◆ Instructions to follow ◆
Going from the top of the listing below to the line that holds "Découvrez notre superbe", reproduce each line exactly; no pictures.

◆ Collected material ◆
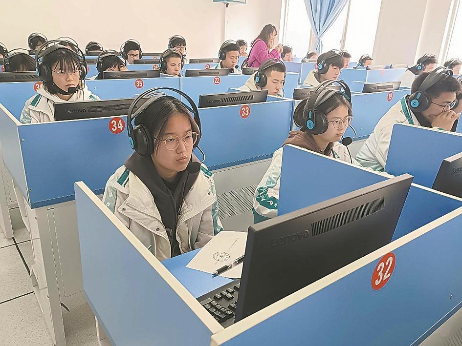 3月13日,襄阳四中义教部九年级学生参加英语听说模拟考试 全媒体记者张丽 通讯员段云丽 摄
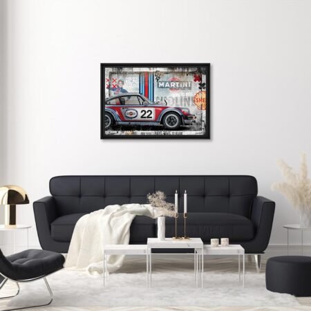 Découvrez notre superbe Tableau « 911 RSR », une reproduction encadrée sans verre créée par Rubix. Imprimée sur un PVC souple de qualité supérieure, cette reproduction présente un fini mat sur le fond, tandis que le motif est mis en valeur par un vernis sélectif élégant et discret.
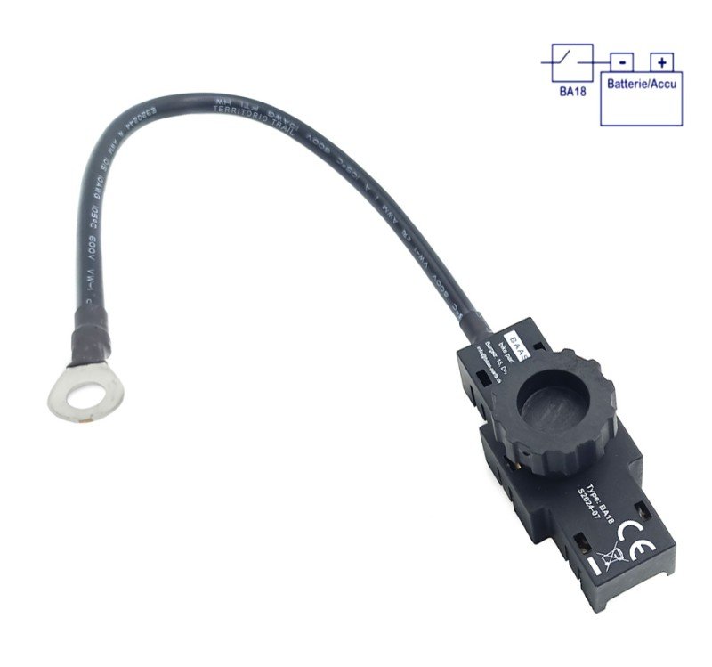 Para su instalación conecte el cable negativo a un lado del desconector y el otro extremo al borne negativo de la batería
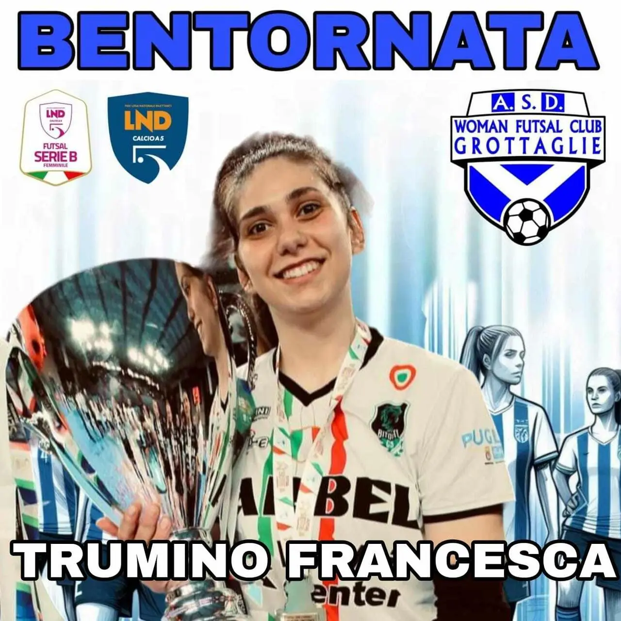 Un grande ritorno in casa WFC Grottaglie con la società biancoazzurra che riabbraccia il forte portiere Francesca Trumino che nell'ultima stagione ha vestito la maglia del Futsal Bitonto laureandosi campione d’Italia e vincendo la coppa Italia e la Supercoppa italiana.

◆ The completed task ◆
 3月13日,襄阳四中义教部九年级学生参加英语听说模拟考试 全媒体记者张丽 通讯员段云丽 摄
 Découvrez notre superbe Tableau « 911 RSR », une reproduction encadrée sans verre créée par Rubix. Imprimée sur un PVC souple de qualité supérieure, cette reproduction présente un fini mat sur le fond, tandis que le motif est mis en valeur par un vernis sélectif élégant et discret.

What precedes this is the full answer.